Abu Dhabi acquisition printing press Unsplash/Bank Phrom
ADC Acquisition Corporation's first purchase, United Printing & Publishing, prints materials from magazines to ID cards
  • ADC is Abu Dhabi’s first SPAC
  • Its first purchase is printer UPP
  • Deal could stimulate local markets

The first so-called “blank-cheque” company to list in the Middle East this week signed a deal with United Printing & Publishing, an Abu Dhabi state investment fund business.

Special purpose acquisition companies (SPACs) raise money through an initial public offering and then use the proceeds to acquire other companies.

ADC Acquisition Corporation is the UAE’s first SPAC, chaired by Sheikh Tahnoon bin Zayed Al Nahyan, brother of the UAE president. Together with Chimera Investments – part of Royal Group, Sheikh Tahnoon’s private investment conglomerate – it has agreed to acquire UPP.

The deal implies an enterprise value for UPP of AED623 million ($170 million).

UPP prints a range of products, from newspapers and magazines to identification cards and passports.

According to a statement it will merge with ADC, and the combined entity will become a publicly listed company on the Abu Dhabi Securities Exchange.

The agreement could signal a fresh influx of blank-cheque SPACs in Abu Dhabi. These shot to prominence in 2021 but have since faced regulatory scrutiny along with pushback from investors.

They are generally formed to allow private companies to raise fresh funds to grow and list directly without having to go through the costly and time-consuming IPO process themselves.

“The successful completion of this deal could stimulate regional financial markets, encouraging more companies to consider SPACs as a viable option for listing and raising funds,” Robert Hahm, head of asset management at Mashreq Capital, told AGBI.

Further investment

At the same time, ADC has revealed plans to pursue private investment in public equity (PIPE) fundraising of up to AED734 million.

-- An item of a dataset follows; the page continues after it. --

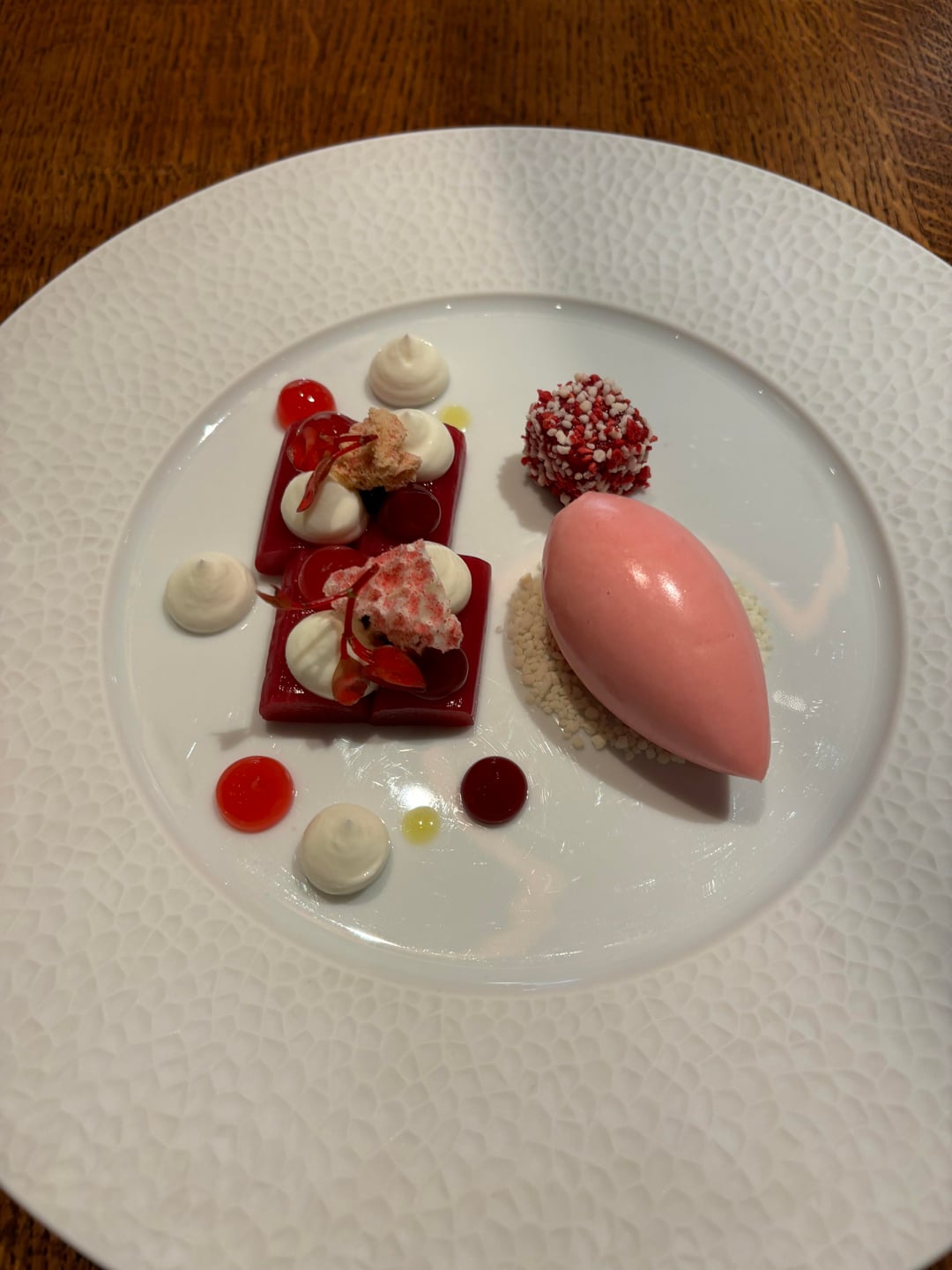 Then a rhubarb dessert: poached rhubarb with hibiscus, yoghurt cream, olive oil, rhubarb and vanilla sorbet, cake, sponge cake

PIPE involves buying shares of publicly traded stock at a price below the current market value.

The transaction and the PIPE fundraising will provide UPP with AED1 billion of new cash “to pursue organic and inorganic growth avenues”, the company statement added.

“UPP’s high revenue visibility provides a robust foundation for future growth, which can be accelerated with funds which will be raised from the PIPE,” Seif Fikry, CEO of ADC, said.

ADC Acquisition Corp raised AED367 million in an IPO, listing on Abu Dhabi’s bourse last May.

SPACs had proved hugely popular, especially as a means to acquire ascendant tech companies, but disappointing returns and rising interest rates have dulled their lustre for investors.

In the US, SPACs’ acquisitions totalled almost $60 billion in 2022, down from $368 billion a year earlier, according to law firm White & Case. The number of deals fell by nearly half over the same period.

In April 2021 Abu Dhabi-based Anghami became the first home-grown Middle East tech company to list on the New York stock exchange after merging with SPAC Vistas Media Acquisition Company. The deal valued the music streaming service at $220 million.

Abu Dhabi Securities Exchange last year became the first Gulf bourse to introduce rules permitting the listing of SPACs.